Week 2 - Digital - 21st Century Skills

21st Century Skills
Week 2 Digital Overview
What skills do our learners need in this ‘Knowledge Age’/time of hyperchange.
What is the relevance of the Key Competencies in the 21st Century with particular reference to the Innovative Teaching and Learning (ITL) research. 
The key elements of the ITL research rubrics
  • Collaboration
  • Knowledge construction
  • Self-regulation
  • The Use of ICT for learning
  • Skilled Communication
  • Real-world problem-solving and innovation

The flipped preparation for this week was Grant Litchman's video 'What 60 Schools Can Tell Us About Teaching 21st Century Skills'
Discussion

What 60 Schools Can Tell Us About Teaching 21st Century Skills
Rate of change in our lives is so fast.
Programmes out of the box can be hard to adapt into schools - more of a mind set.
Why are we pushing our students to achieve above the requirements - if we slowed down the up wards push then we can broaden and enrich students learning - then we will have time to embrace new learning outside of the expected box.
Mindsets need to change, what are we trying to educate our students about.
Evidence based practice - deals with issues and finds a practical way forward.
Inquiry in to teaching practice needs to be purposeful and chosen by you, not something you are told to do.

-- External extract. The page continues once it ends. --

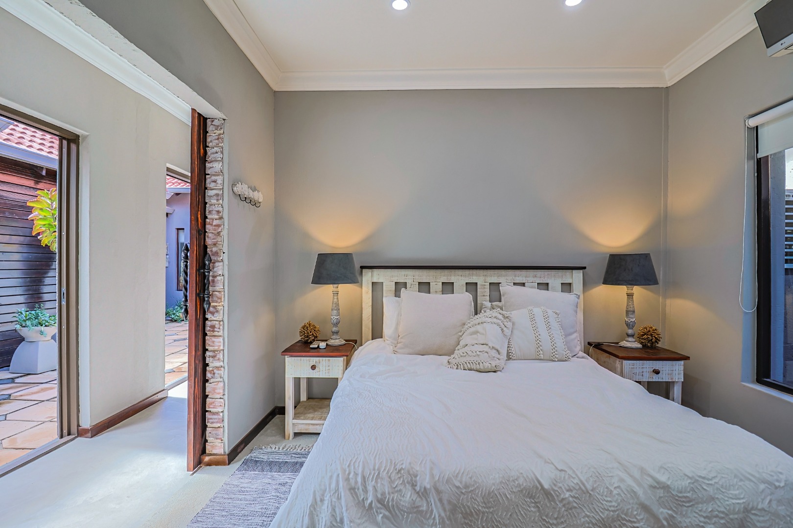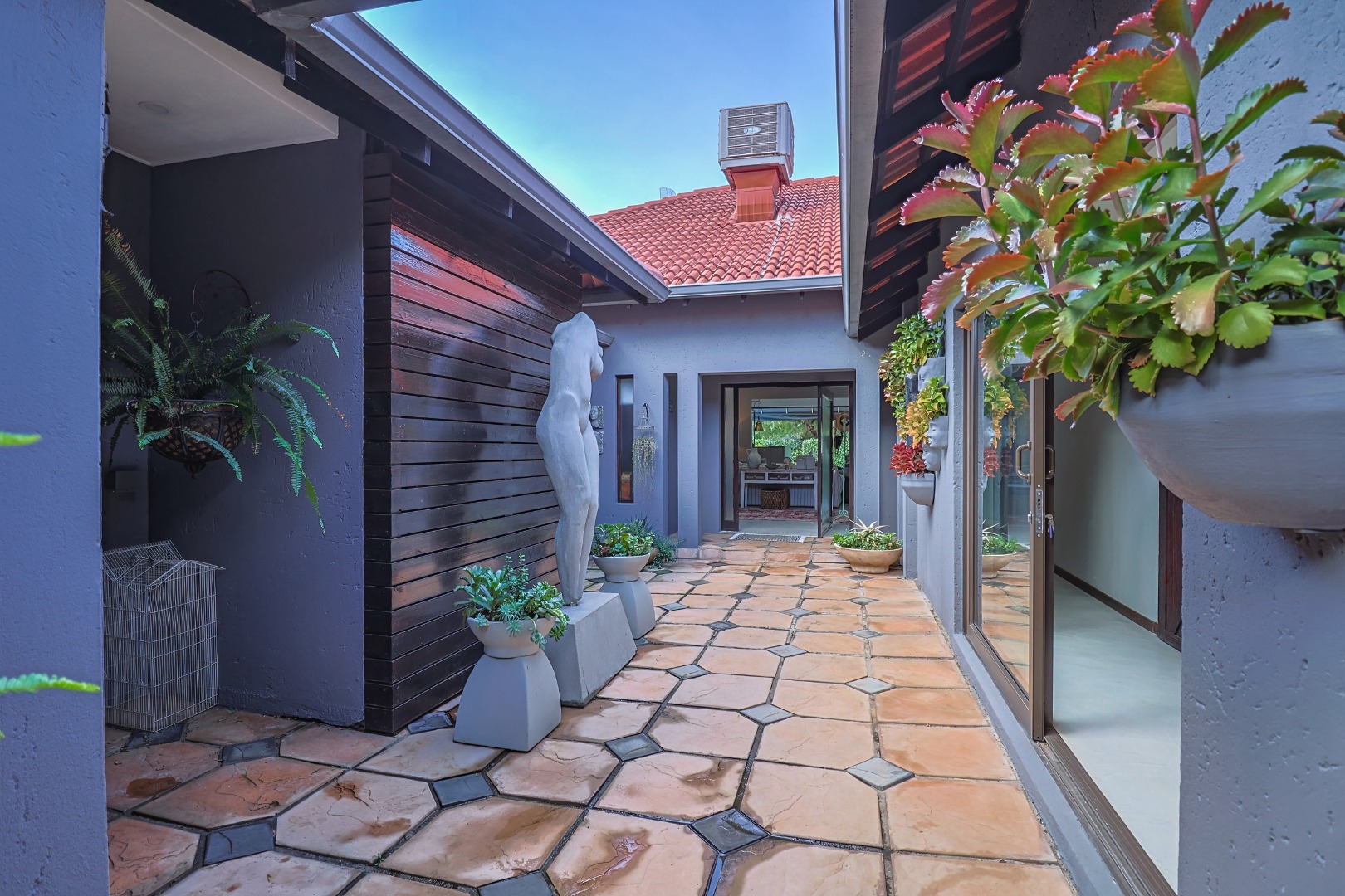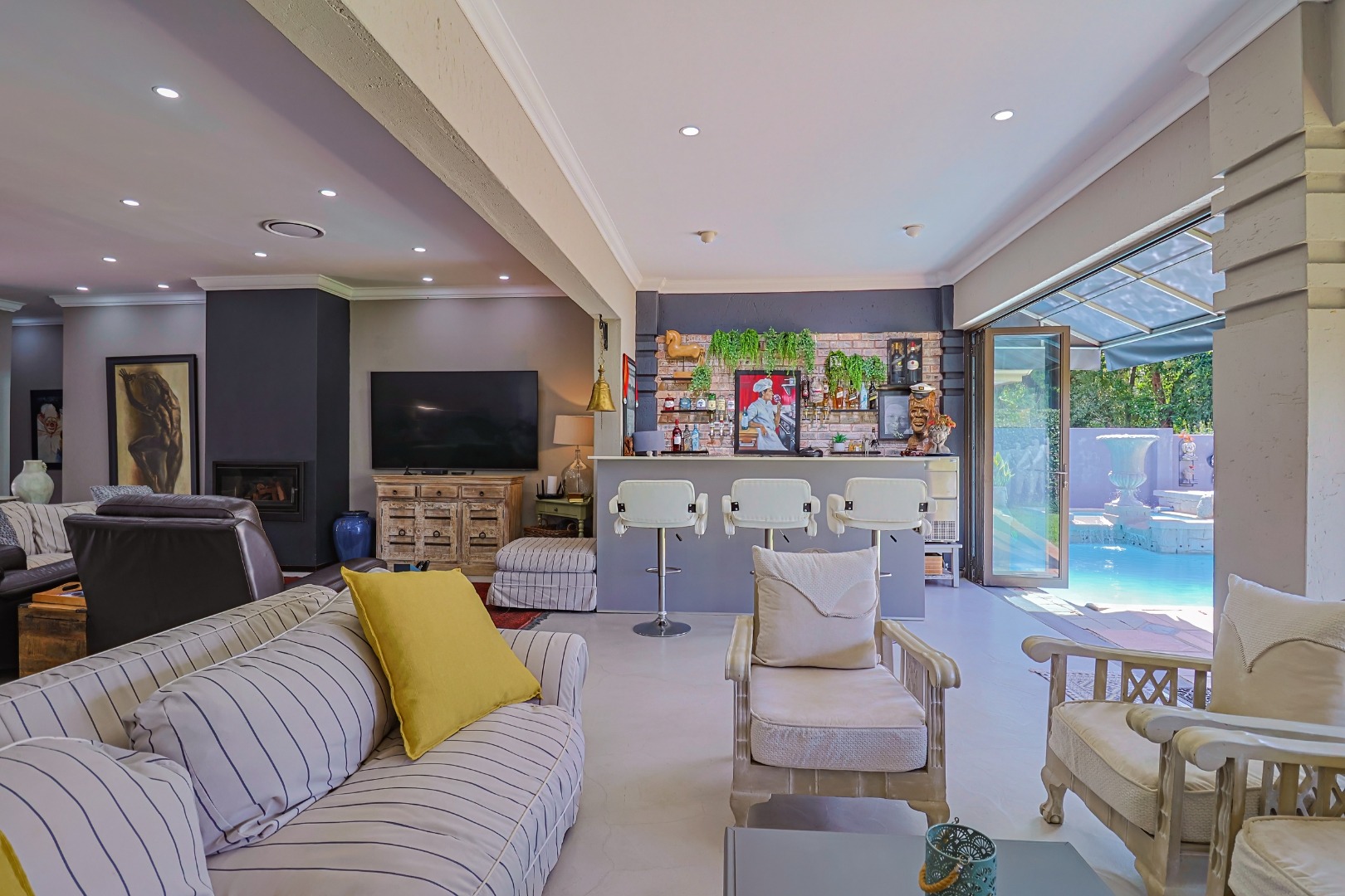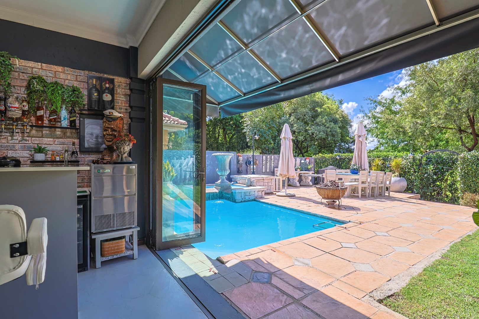 Well positioned within the sought-after Pecanwood Golf Estate, this exceptional single-storey residence offers a seamless blend of contemporary design, comfort, and privacy. Designed for those who appreciate modern elegance with functional living, the home showcases immaculate, upmarket finishes and thoughtfully curated spaces throughout. Expansive open-plan living and dining areas create an effortless flow, complemented by a stylish central fireplace that adds warmth and character. The modern, fully equipped kitchen integrates beautifully with the living spaces, making everyday living as well as entertaining a pleasure. Large stacking doors open out to the private heated pool within a beautifully landscaped garden. The entertainment offering is truly impressive, featuring a fitted bar that opens to the outdoor area. Each bedroom is spacious and complemented by its own en-suite bathroom, ensuring privacy and comfort throughout. Three of the bedrooms enjoy direct access to a private courtyard, enhancing the home’s indoor-outdoor flow and creating a calm, natural setting. The main suite serves as a peaceful sanctuary, opening onto the pool and garden, and offering a perfect space to unwind. In addition, the home is equipped with solar panels and inverter, integrated washing machine and dishwasher and ice machine, 2 fireplaces, 4 aircons.

How do 20th Century and 21st century skills differ?
Teacher was the fountain of all knowledge - the teacher is the facilitator/mentor
Teacher workload - student learning 
Class Structure - Flexible/adaptable
Change occurred because you were told to - change occurs because student need dictates it
No one right way to navigate change

Key points Grant Litchman's makes in his video:   (*My added comments)
  • Another school may have already solved your problem
  • Educational change may be uncomfortable and complicated but it’s not hard (*Can be hard and difficult. Any change can feel uncomfortable, be complicated and difficult. It can seem frustrating and a real barrier. Lack of knowledge and the need to cut through assumptions. Can be difficult to move staff who don'e see the same picture as you - importance of have effective followers (Link back to the Tango Video from last week about different follower styles)
  • Schools are becoming, creative, adaptive, permeable, dynamic, systemic, self-correcting (More schools are moving in this direction. Schools need to be self evolving as well as teachers as practitioners need to be self evolving - need to be responsive to change)
  • The 5th sphere - the ‘cognitosphere’ - system of knowledge creation and management
  • Where do we want to be? - Dewey, Montessori and Parker
  • Problems:
    • Anchors of time, space and subject, Dams and Silos (Especially in relation to Secondary Schools)
  • Solutions:
    • Teach into the unknown
    • Self-evolving learners (Students need to be adaptive)
    • Self-evolving organisations
  • Education innovation: Preparing students for their future, not our past
  • “If we teach today as we taught yesterday, we rob our children of tomorrow” - supposedly John Dewey (though in fact Dewey never actually wrote that!)

What are do I think are the most important skills in the 21st Central
  • Resilience
  • Flexible thinking 
  • Adaptability
  • Communication skills
The 21st Century Skills that ITL (Innovative Teaching and Learning)  decided were important. Do your thoughts align with these?
  • Collaboration
  • Knowledge construction
  • Self-regulation
  • Real-world problems / innovations
  • ICT for learning
  • Skilled Communication

I think the skills I recorded align along with ITL's skills (there is no one right answer)

Other ideas from the group
  • Risk takers

21C Learning Design Rubrics
(Microsoft Partners in Learning)

A learning activity is any task that students do as part of their school related work


This guide describes six rubrics of 21st century learning, each of which represents an important skill for students for develop:
  • collaboration
  • knowledge construction
  • self-regulation
  • real-world problem-solving and innovation
  • the use of ICT for learning
  • skilled communication
The description of each learning activity has three parts:
  • an overview of definitions of key concepts and related examples;
  • a rubric to help you assign each learning activity a number on a scale, according to how strongly it offers opportunities to develop a given skill;
  • and a flowchart that shows how to choose the best number in each case.
Video Activity
- You need to be present
- Video needs to have and intro, message and conclusion in 40 seconds.